Simple provision of replacement wages or prorating of a fixed entitlement based on hours worked would not create the appropriate work incentives for the (probably) most responsive group of people.
The minimum wage typically exceeds the replacement wages of lower income parents (since many work less than full-time hours) and would have generally desirable labour market impacts:
• It would create good incentives to work for lower income females, since the payment is significantly more than the value of income support for women working in the unpaid sector.
• A payment equal to the adult minimum wage for 18 weeks would allow lower income families to extend their leave to an adequate length, yet would avoid skill losses associated with very long leave periods. (In any case, the skill losses for lower skill jobs are likely to be small.)
• Capping of benefits at roughly the minimum wage would limit the benefits paid to well-off families who often already have access to privately negotiated paid parental leave and have a strong capacity for self-financing leave.
• Unlike means-testing of welfare payments, capping is not likely to elicit undesirable labour supply responses by women earning above the capped amount. This is because they would still earn the capped amount provided they took leave (whereas in mean-tested systems, people start to lose benefits when their income exceeds a threshold).”
The Labor Party listened to this advice and introduced the scheme suggested by the Productivity Commission – 18 weeks of parental leave paid at the minimum wage.
In the lead up to the 2010 election, after attending a luncheon on International Women’s Day, Tony Abbott did the most amazing backflip, without consulting his party colleagues, and announced his “rolled gold” PPL scheme which would pay new mothers their regular wage for six months, up to a maximum of $75,000, to be funded by a 1.5 per cent levy on more than 3000 big companies.
In May 2013 he explained it is “all about” encouraging women of “calibre” to have children. In the scramble to hose down the justifiable backlash to this elitist comment, we were assured it was all about “workforce participation” for women even though the Productivity Commission Report had stated otherwise. It then morphed into some sort of “workplace entitlement” argument.
When asked if the policy should be reviewed, Malcolm Turnbull said “This is a key policy of Tony Abbott’s and it is something that we have as part of our policy and I don’t see any probability or likelihood that of that policy being shelved. Tony is very committed to it.”
Liberal backbencher Alex Hawke called it an “albatross” that must be “scrapped”. Writing for the Institute of Public Affairs he blasted it as an “unjustifiable impost on business” and said the policy should be reviewed. “An expansion of the PPL scheme is ill-suited to an economically Liberal agenda,” Mr Hawke wrote. “Most importantly for Australians, the policy does not pass the fair-go test.”
Big business joined critics of Mr Abbott’s signature paid parental leave scheme with the head of the Australian Industry Group, Innes Willox saying: “There are no positives, no upsides in this policy that we can see for business. It’s inequitable,” Mr Innes told ABC TV.
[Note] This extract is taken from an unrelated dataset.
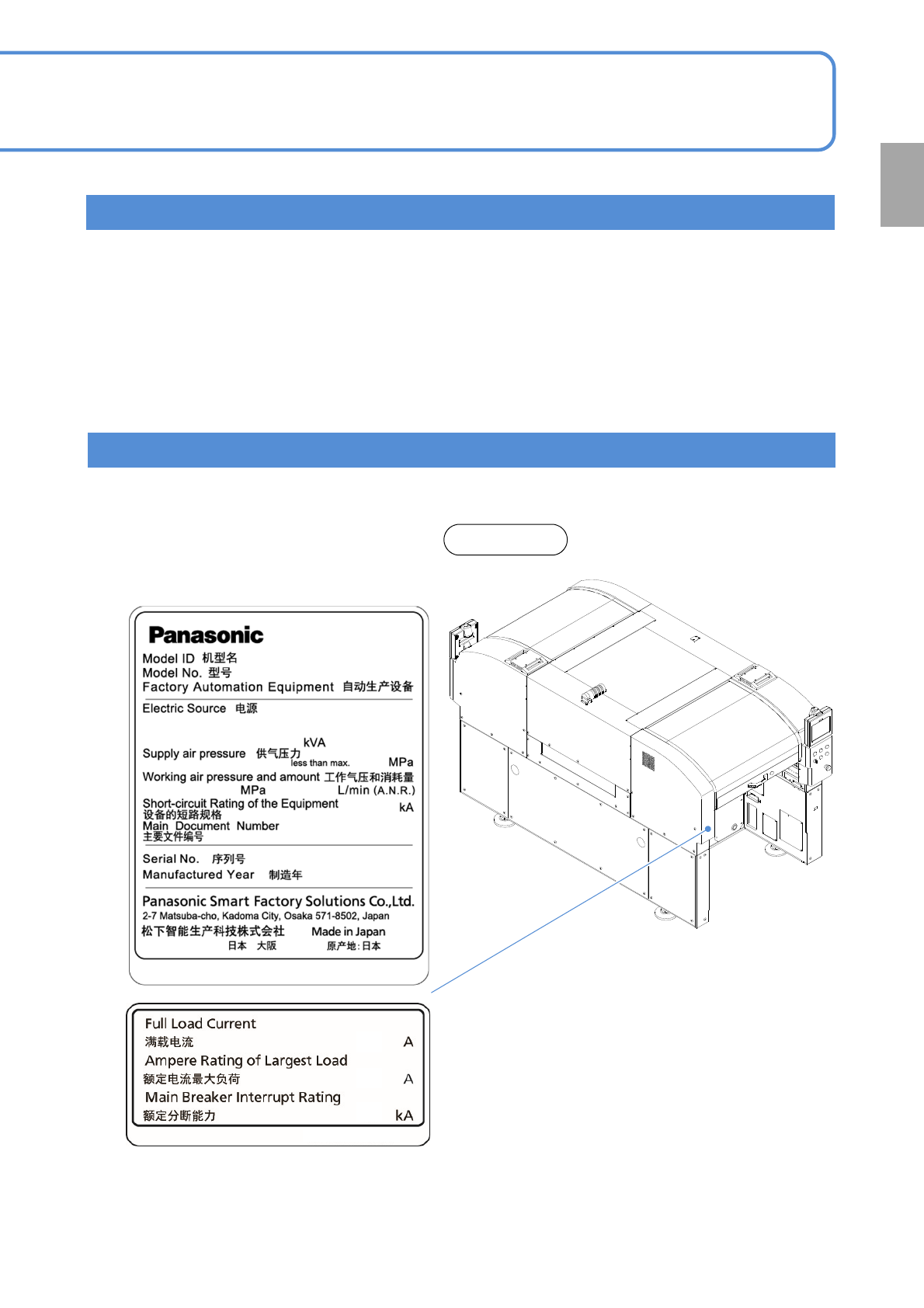 The product nameplate indicating the product name (Model ID) and serial number of the machine is affixed at

“Only the top 3000 or so companies would be paying and they’d be subsidising for everyone else. That doesn’t make sense on that level. The current system is operating well. It has very broad business and community support. We don’t see any reason to change.”
Even John Roskam of the economically dry Institute for Public Affairs said “There’s widespread concern that the Coalition is supporting a tax increase. And at this time, the Coalition should be talking about cutting taxes and cutting spending, not increasing taxes.”
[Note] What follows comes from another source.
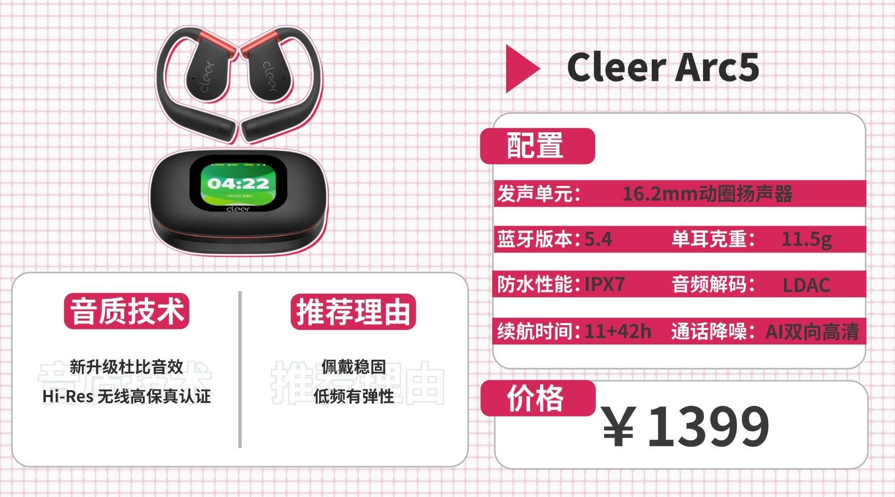 功能配置:支持LDAC、AI通话降噪和恒听模式,续航12h+60h,防水等级IPX7。搭配AMOLED触控屏和APP,功能丰富,适合运动及日常使用。整体配置全面,但价格高、重量偏大。

Considering our supposed “budget emergency” and our “debt crisis”, and the cry for us all to help in the “heavy lifting” now that the “age of entitlement is over”, this hugely expensive and inequitable attempt to show us Tony “gets” women reeks of hypocrisy as do so many of his decisions.
Why not listen to the experts? It’s quality affordable childcare we need Tony – not handouts to rich women of calibre and grandstanding from hypocritical politicians!